Don't get discouraged, you are most likely correct that it is just more gunk coming through the system. That said, I'd get the whole system drained and cleaned as much as possible. Injectors, as the man says, are NOT rocket science, but those holes in them are really tiny, and so even a little blockage can create havoc of the type you describe.
I flew a brand new Cessna 185 once, and that airplane would foul an injector every 20 hours or so. We'd pull the fuel screens and they'd be full of a white fibrous material, like tiny threads, and some of those would get through the screen and foul an injector. I got pretty good at landing out, pulling the cowling and figuring out which cylinder's injector was fouled, pulling that injector and cleaning it, all whilst bobbing around in some lake or other. This went on for some 200 hours or so. We checked the fuel tanks (wet wings) and couldn't find anything....grrrrr. Brand new airplane.

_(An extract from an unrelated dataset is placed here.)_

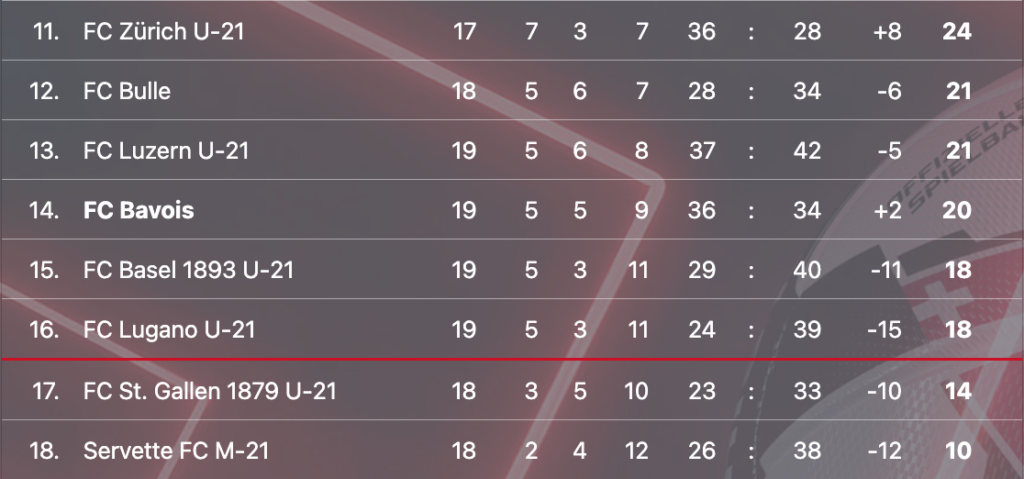 Gagner sur le terrain d’une équipe de la première moitié de tableau aurait été une excellente opération pour le FC Bavois, qui avec ce point supplémentaire ne garde une avance que de six unités sur Saint-Gall M-21, premier relégable. Un écart qui pourrait se réduire davantage si les Brodeurs venaient à faire des points dimanche contre la lanterne rouge Servette M-21.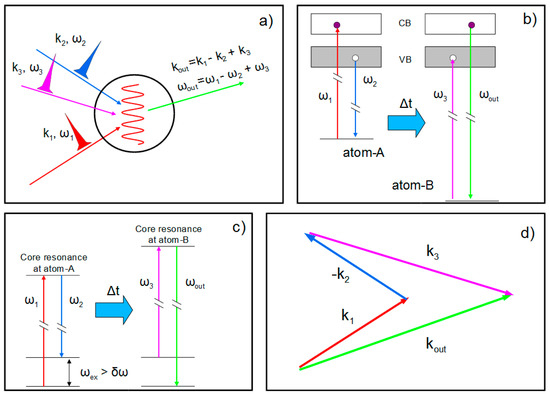 Further steps can be undertaken to make XUV/X-ray FWM experiments feasible on routine basis. One of the most useful would be to replace the optical pulse with a XUV/X-ray. This will permit to probe, via ISS-type FWM methods, low energy modes (e.g., acoustic modes) in a wavevector range (~0.1–1 nm−1) hardly accessible by both optical methods and linear X-ray spectroscopy [46]. Such a wavevector range matches the characteristic length-scales of heterogeneities in the local structures of several classes of materials (e.g., block copolymer, relaxor ferroelectrics, glasses etc.), the incommensurate dimensions of many crystalline phases showing super-lattices of different natures, as well as the characteristic dimensions and periodicities of many nanostructures. Among these applications we mention the study of acoustic dynamics in glasses, which is largely believed to be the origin of the anomalous thermal properties of glasses, still a lively debated issue [47]. A debate that essentially comes from the impossibility to fully access such a ~0.1–1 nm−1 wavevector range and from the stark disagreement often observed between the extrapolations of the trends found at lower and larger wavevectors. Also, couplings between acoustic modes and local vibrations in nm-sized elastic domains, inherently connected to the amorphous local structure, may also have a relevant role; such a small length-scale is potentially in the range of XUV/X-ray FWM. Another relevant step to extend the range of applications of FEL-based FWM is to exploit the two-color emission scheme in order to demonstrate FEL-based CRS-type experiments. This would be a major step forward towards the realization of XCRS with atomic selectivity (see Figure 9), which in many respects may be considered as a main target application of XUV/X-ray FWM.

Much later, I talked to a guy who built those airplanes for Cessna, and told him the story. He told me the white fibrous material was likely from one of the rags that they use to smooth out and apply the tank sealant. His guess was that one or more of those rags was left in a tank, covered by the black goo they call the sealant, so it was virtually invisible inside the wing, and the thing was gradually breaking down and going through the fuel system.
After a couple hundred hours, it all stopped, so it was apparently all gone.